• [Work to be completed] Reproduce the listing exactly and skip over any pictures.

• [Material provided]
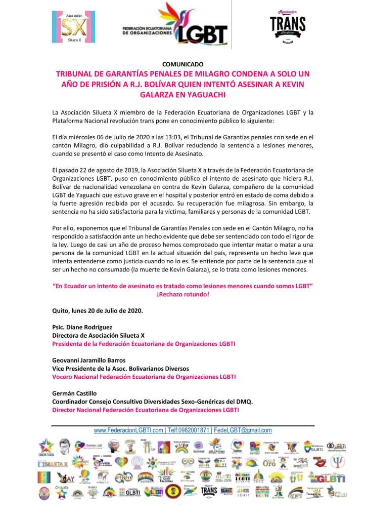 Por ello, exponemos que el Tribunal de Garantías Penales con sede en el Cantón Milagro, no ha respondido a satisfacción ante un hecho evidente que debe ser sentenciado con todo el rigor de la ley. Luego de casi un año de proceso hemos comprobado que intentar matar o matar a una persona de la comunidad LGBT en la actual situación del país, representa un hecho leve que intenta entenderse como justicia cuando no lo es. Se entiende por parte de la sentencia que al ser un hecho no consumado (la muerte de Kevin Galarza), se lo trata como lesiones menores.
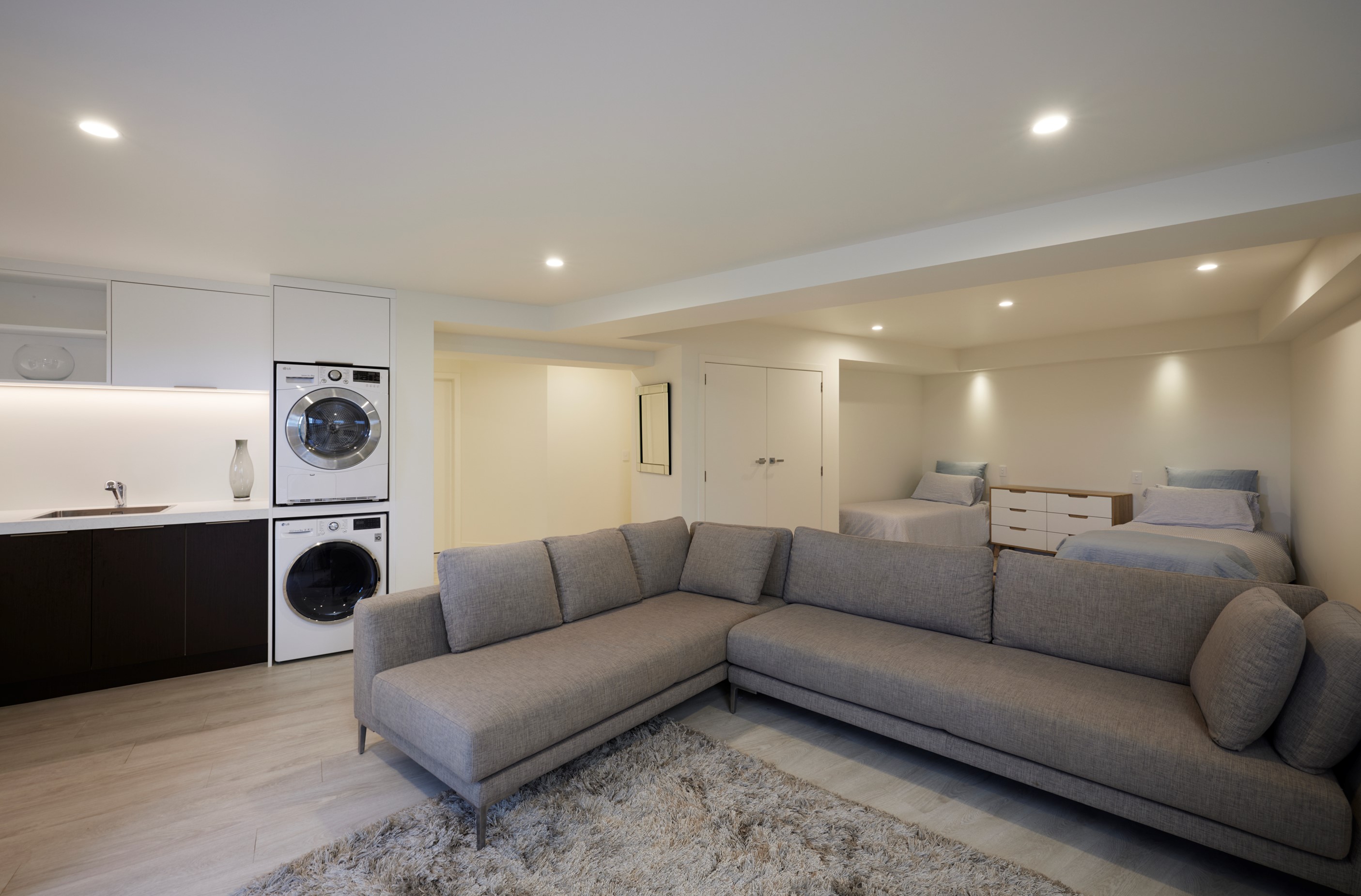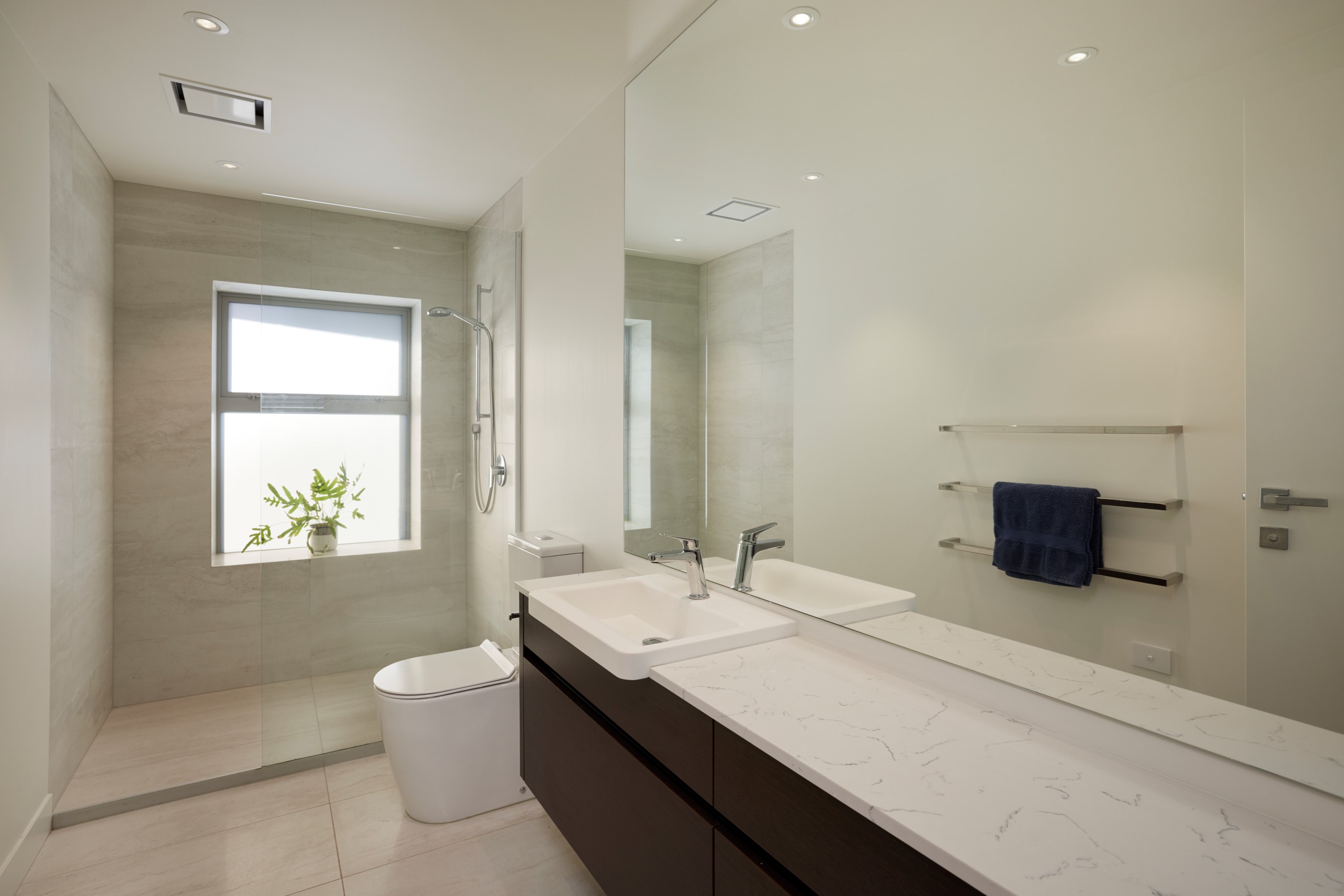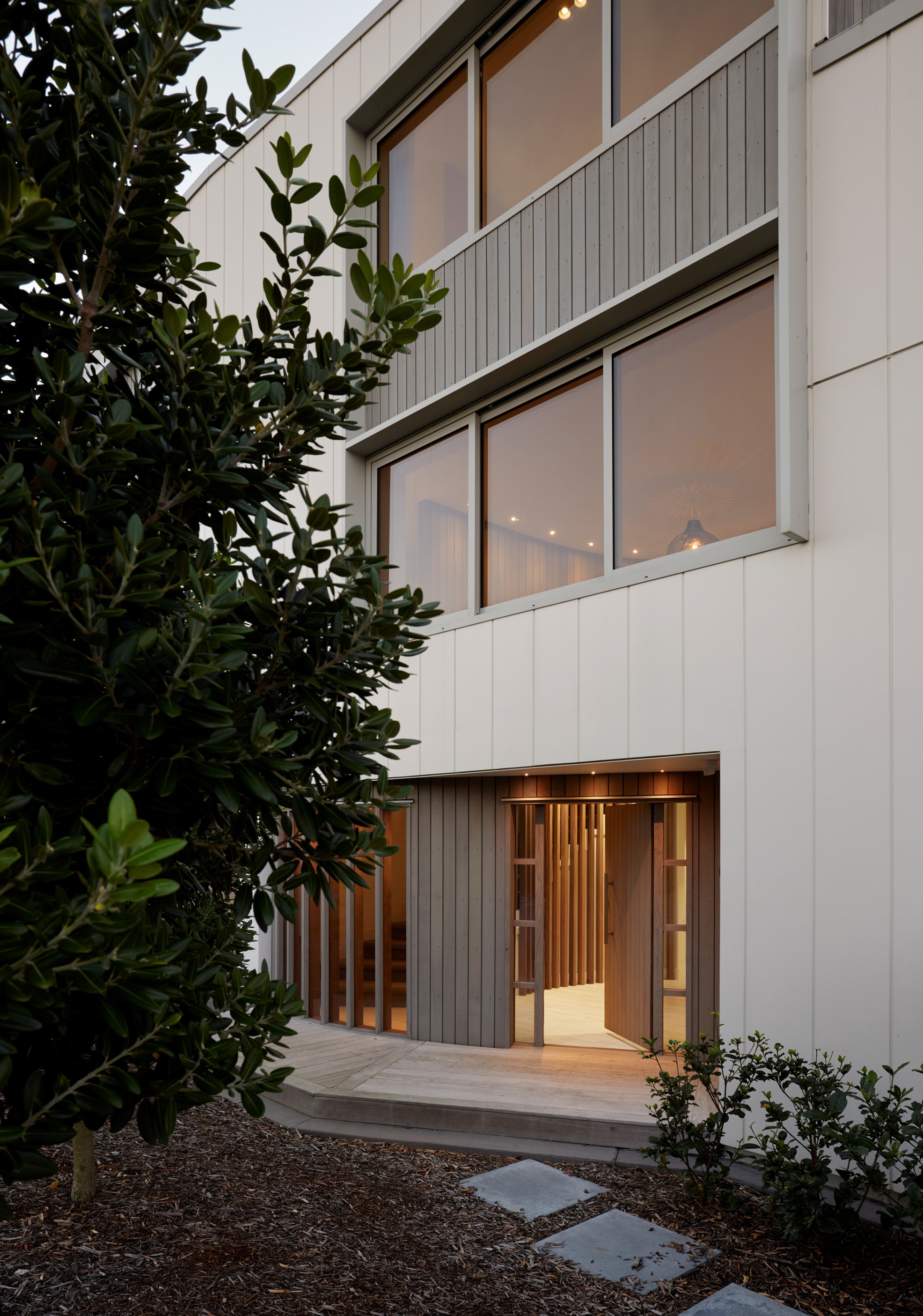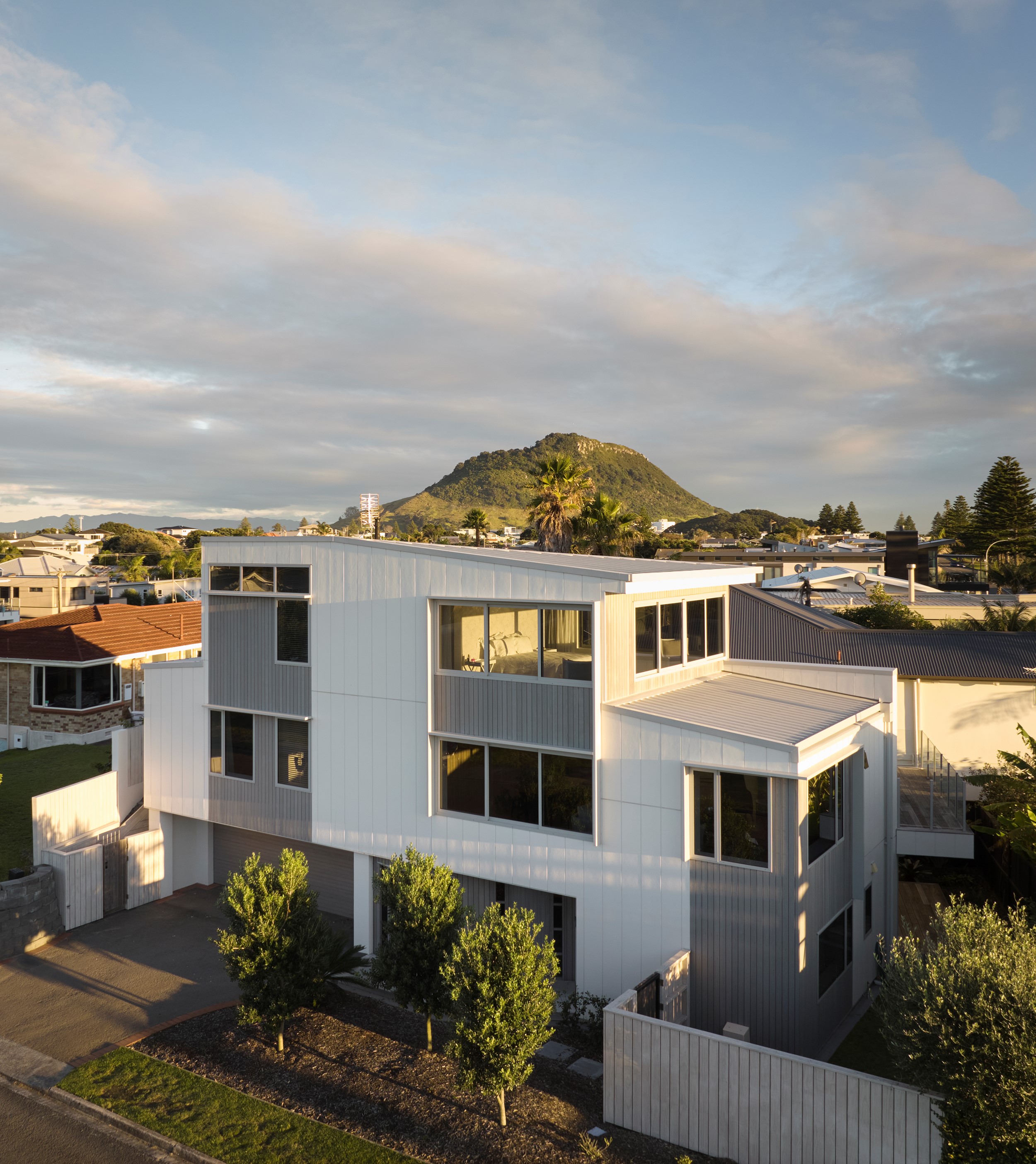 In this substantial renovation, the delight is in the detail. The interior has been given a fresh new beachy feel that perfectly mirrors the three-storey home’s coastal setting. Natural tones, materials and forms can be found throughout, including vertical timber walls, and balusters that curve around the stairwell. These meticulously crafted features are beautiful in their own right, but never distract from ocean views that can be enjoyed from upper floors. It’s clear the interior has undergone a major refurbishment, but what’s not obvious is the expert structural work hidden from view. Existing unispan mid-floor and framing had to be replaced, due to new structural regulations. A new steel PFC ring beam was installed to the perimeter and bolted to existing block walls. This enabled a new timber mid-floor and internal framing to be constructed. Once all the work was finished, the owners were able to enjoy the improvements and upgrades in their five-bedroom seaside retreat, including a sleek new kitchen with waterfall edge at one end of the island and breakfast bar at the other. From there, they can open expansive glass sliders and step out onto decks, one of which enjoys views of the Pacific.
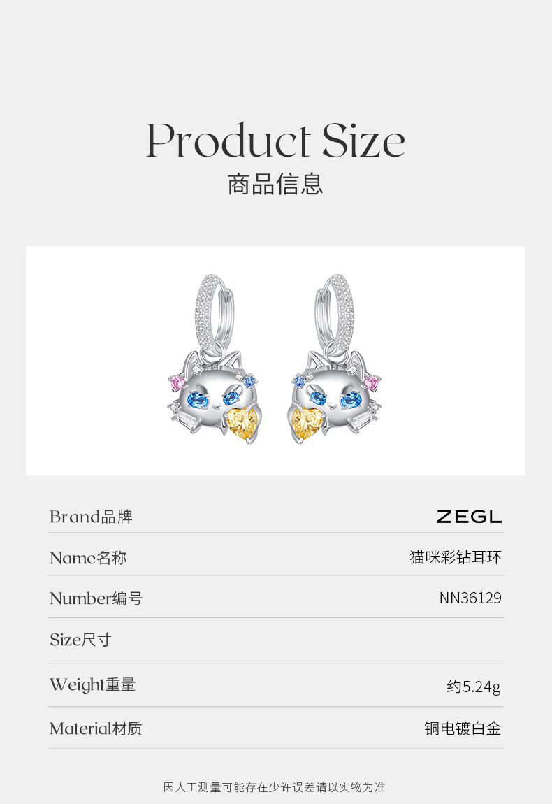 ZEGL设计师猫猫杂货铺系列猫咪彩钻耳环
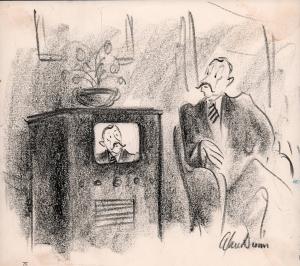 No caption (man seeing himself on television)

• [Reply]
 Por ello, exponemos que el Tribunal de Garantías Penales con sede en el Cantón Milagro, no ha respondido a satisfacción ante un hecho evidente que debe ser sentenciado con todo el rigor de la ley. Luego de casi un año de proceso hemos comprobado que intentar matar o matar a una persona de la comunidad LGBT en la actual situación del país, representa un hecho leve que intenta entenderse como justicia cuando no lo es. Se entiende por parte de la sentencia que al ser un hecho no consumado (la muerte de Kevin Galarza), se lo trata como lesiones menores.
 In this substantial renovation, the delight is in the detail. The interior has been given a fresh new beachy feel that perfectly mirrors the three-storey home’s coastal setting. Natural tones, materials and forms can be found throughout, including vertical timber walls, and balusters that curve around the stairwell. These meticulously crafted features are beautiful in their own right, but never distract from ocean views that can be enjoyed from upper floors. It’s clear the interior has undergone a major refurbishment, but what’s not obvious is the expert structural work hidden from view. Existing unispan mid-floor and framing had to be replaced, due to new structural regulations. A new steel PFC ring beam was installed to the perimeter and bolted to existing block walls. This enabled a new timber mid-floor and internal framing to be constructed. Once all the work was finished, the owners were able to enjoy the improvements and upgrades in their five-bedroom seaside retreat, including a sleek new kitchen with waterfall edge at one end of the island and breakfast bar at the other. From there, they can open expansive glass sliders and step out onto decks, one of which enjoys views of the Pacific.
 ZEGL设计师猫猫杂货铺系列猫咪彩钻耳环
 No caption (man seeing himself on television)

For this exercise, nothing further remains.